The rich, the famous and the merely prudent
have made the decision to invest in what Mr. Blanc's company has to offer, along with many museums and other institutions
with price-y and pricelss furniture and art to protect. Here is what Sunshield's coatings provide, according to the
company's brochure: "By selectively inhibiting the infiltration of ultraviolet, infrared and visible light, our coatings
provide the greatest degree of solar protection and energy management that current technology permits." In other words
if you have a valuable art or antique collection that needs protection from the damaging effects of the sun's rays, or your
house or apartment costs a mint to heat and cool, Sunshield can help.
The Rockefellers, the DuPonts, the Vanderbilts
and the Hearsts all have window coatings from Sunshield, according to the company's publicity material. So do Leona
Helmsley, Allen Ginsberg, Ed Koch, Elton John, Billy Crystal, Steve Martin and George Steinbrenner. The Boss must
have spread the word because Yankees General Manager Brian Cashman also signed on with Sunshield. Post installation
Dan and Jean Rather sent a note that said "Terrific! Thanks!"
With such an exacting clientele- George Steinbrenner
and Leona Helmsley- you'd think Sunshield's proprietor would be just a little bit crazed, just a tad hyper. But Mr.

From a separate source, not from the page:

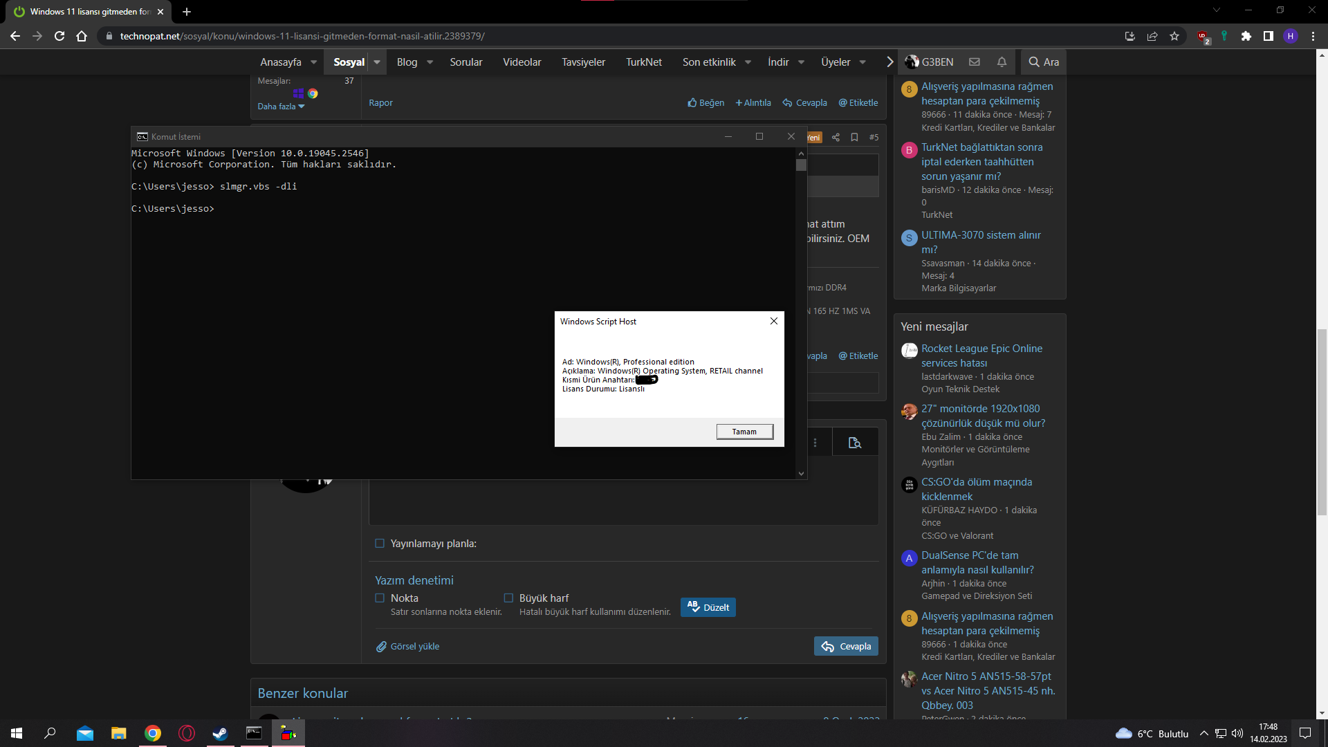 CMD'ye bu komutu yazıp lisansınızı bir yere kaydedin her duruma karşı silinirse yeniden kullanırsınız.

Blanc is a quietly affable and forthcoming man, seemingly secure in his company's products and his ability to maintain market
share. With a generosity a least a bit unusual in the genus CEO Americanus he calls long time staffers Christopher Brace
and Beth Schneider "key employees" who've made many contributions to the firm's "expolosive" growth.
Pierre Blanc and his wife live in a house in
New Rochelle overlooking the Long Island Sound and he employs his own product at home. "It protects fabric colors and
artwork and helps with energy bills without interfering with our water views," he said.
Mr. Blanc, who grew up in Pelham Manor, was
an undergraduate at Fordham University en route to law school when he began applying window coatings "to make a little money,"
about 20 years ago. In so doing he discovered his life's work. Today Mr. Blanc runs Sunshield Energy Control Systems
from 129 Union Avenue, a restored early 20th century building on New Rochelle's West Side.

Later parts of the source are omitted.